Reproduce the following data exactly, minus any images.

◆ Stored data
== Segment start ==

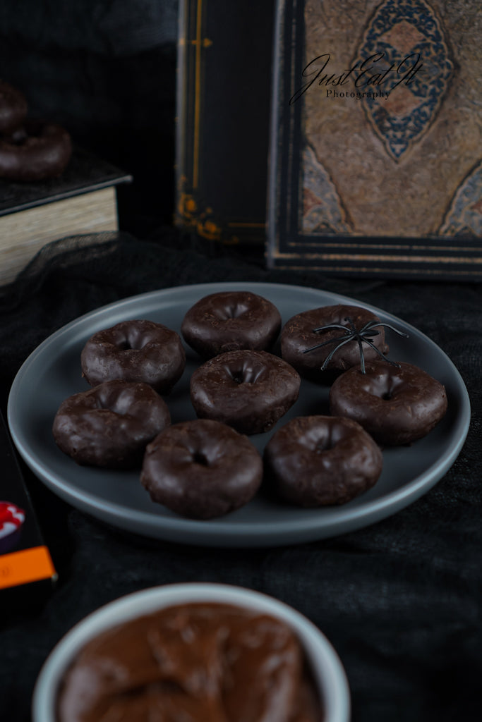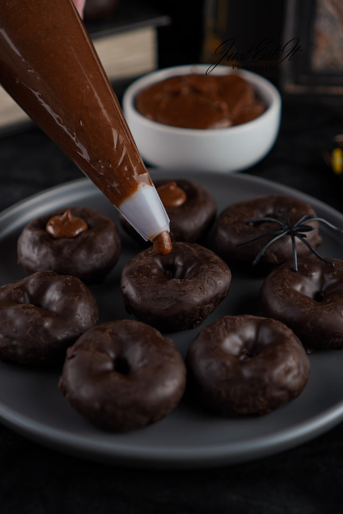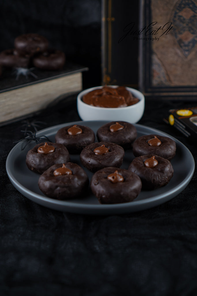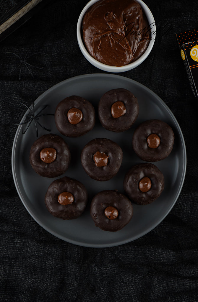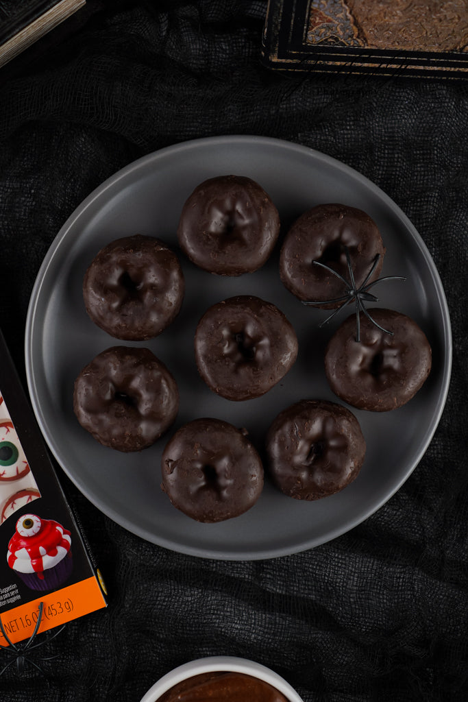 - Ingredients: chocolate mini donuts, candy eyes, and chocolate frosting.
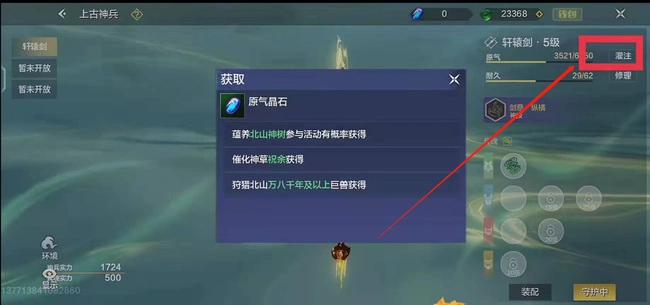 4、接着往轩辕剑中注入原气,直至注满。
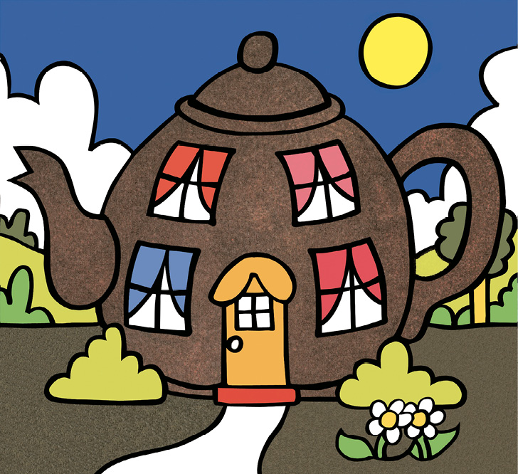 Su tetera tenía dos dormitorios, un baño, una cocina y un comedor y Mr. Divertido vivía muy contento en su casa.
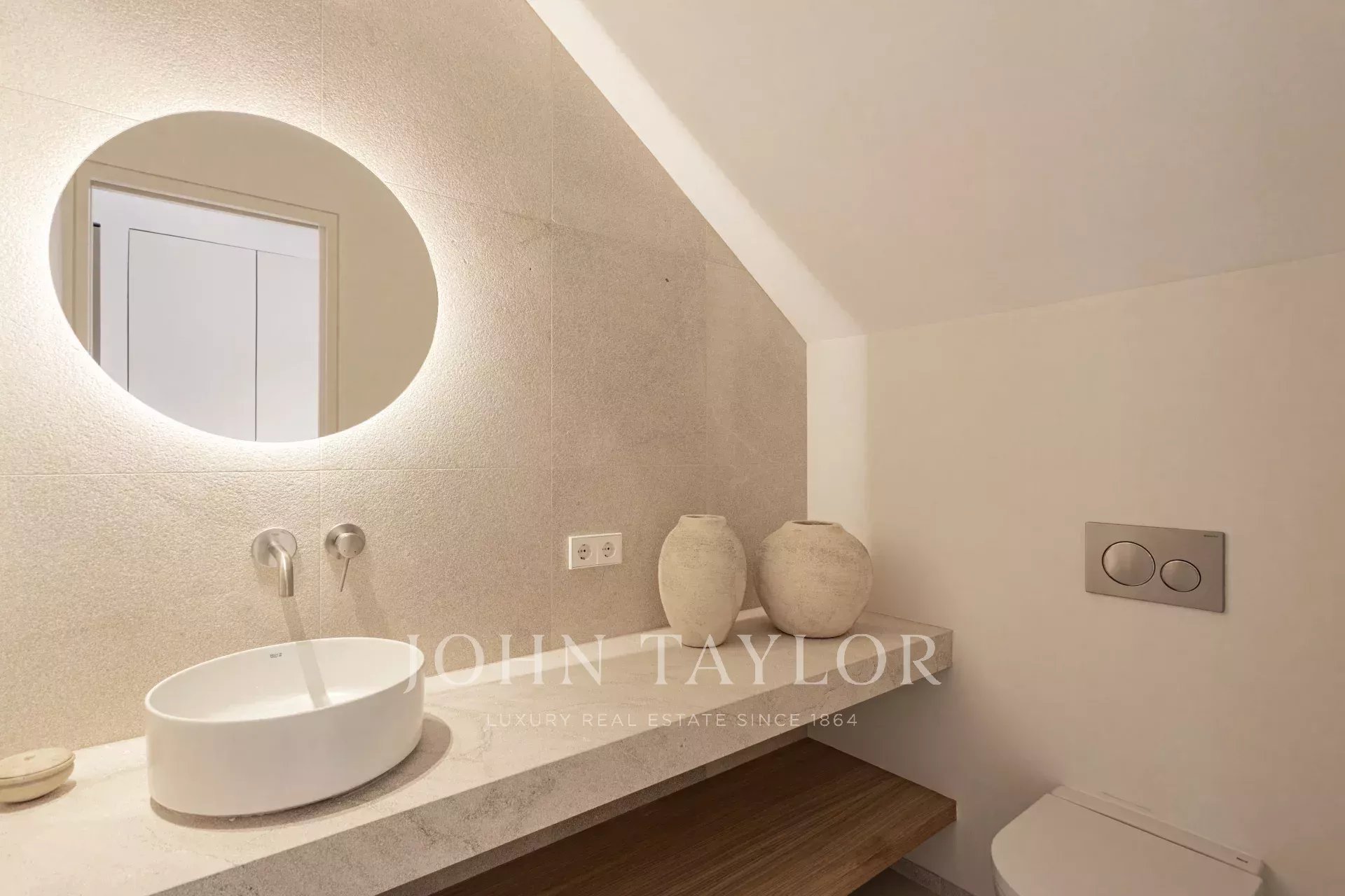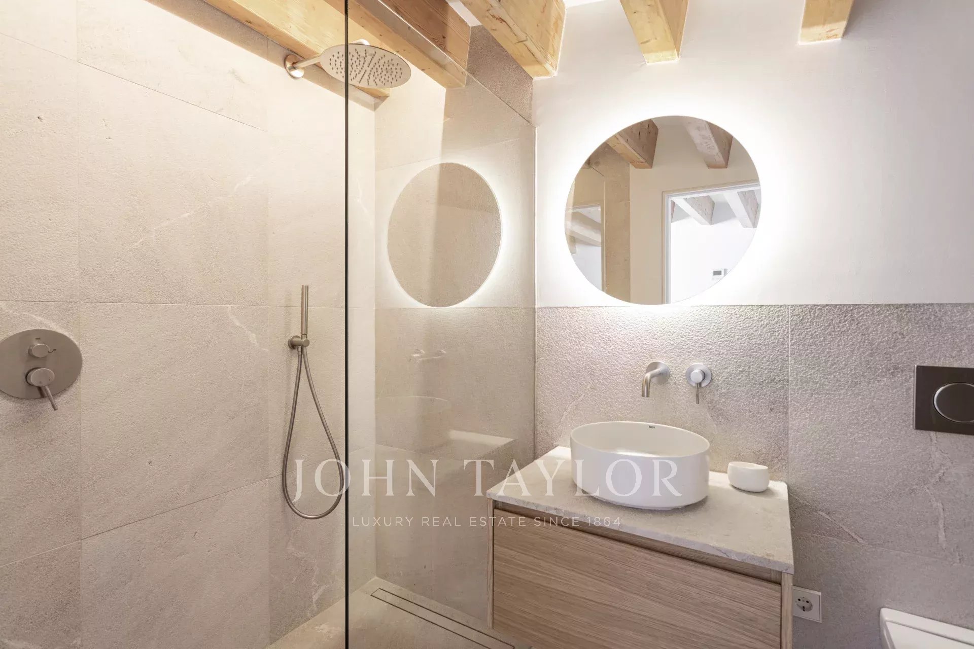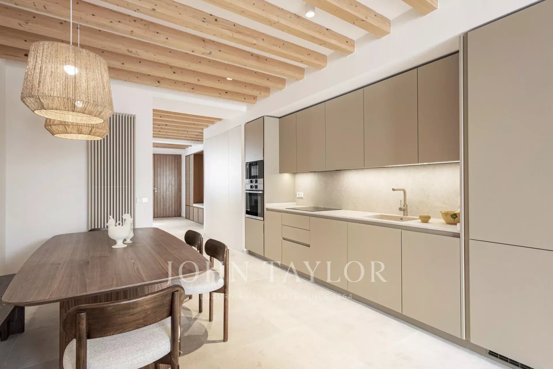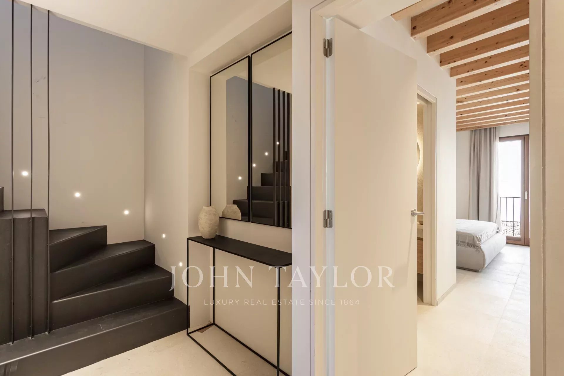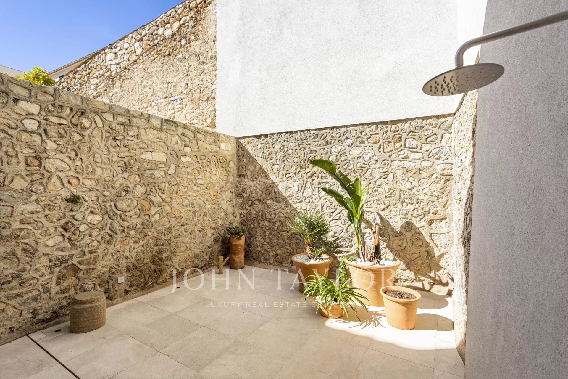Esta impresionante casa adosada de tres dormitorios, tres baños y un aseo ha sido sometida a una renovación completa, transformándola en un espacio moderno y lujoso con un toque de encanto rústico. Con una ubicación privilegiada en el centro del pueblo, a solo dos minutos a pie de la icónica iglesia, esta propiedad ofrece lo mejor de ambos mundos: comodidad urbana y el ambiente tranquilo de un entorno rural. Al ingresar a la casa, serás recibido por una sensación de calidez y elegancia. Las paredes de piedra y las vigas de madera aportan carácter y autenticidad a los espacios, mientras que los materiales de alta gama utilizados en toda la propiedad garantizan un nivel incomparable de calidad y confort. La planta baja alberga en un solo espacio la sala de estar provista de chimenea, así como un comedor y una cocina de diseño totalmente equipada con electrodomésticos de última generación y acabados de primera calidad. Desde aquí, se accede a una de las dos terrazas, donde podrás disfrutar de comidas al aire libre o simplemente relajarte bajo el cálido sol mediterráneo. La propiedad dispone de radiadores en todas las estancias además de aire acondicionado por conducto.

== Segment end ==

◆ Completed exercise
 - Ingredients: chocolate mini donuts, candy eyes, and chocolate frosting.
 4、接着往轩辕剑中注入原气,直至注满。
 Su tetera tenía dos dormitorios, un baño, una cocina y un comedor y Mr. Divertido vivía muy contento en su casa.
Esta impresionante casa adosada de tres dormitorios, tres baños y un aseo ha sido sometida a una renovación completa, transformándola en un espacio moderno y lujoso con un toque de encanto rústico. Con una ubicación privilegiada en el centro del pueblo, a solo dos minutos a pie de la icónica iglesia, esta propiedad ofrece lo mejor de ambos mundos: comodidad urbana y el ambiente tranquilo de un entorno rural. Al ingresar a la casa, serás recibido por una sensación de calidez y elegancia. Las paredes de piedra y las vigas de madera aportan carácter y autenticidad a los espacios, mientras que los materiales de alta gama utilizados en toda la propiedad garantizan un nivel incomparable de calidad y confort. La planta baja alberga en un solo espacio la sala de estar provista de chimenea, así como un comedor y una cocina de diseño totalmente equipada con electrodomésticos de última generación y acabados de primera calidad. Desde aquí, se accede a una de las dos terrazas, donde podrás disfrutar de comidas al aire libre o simplemente relajarte bajo el cálido sol mediterráneo. La propiedad dispone de radiadores en todas las estancias además de aire acondicionado por conducto.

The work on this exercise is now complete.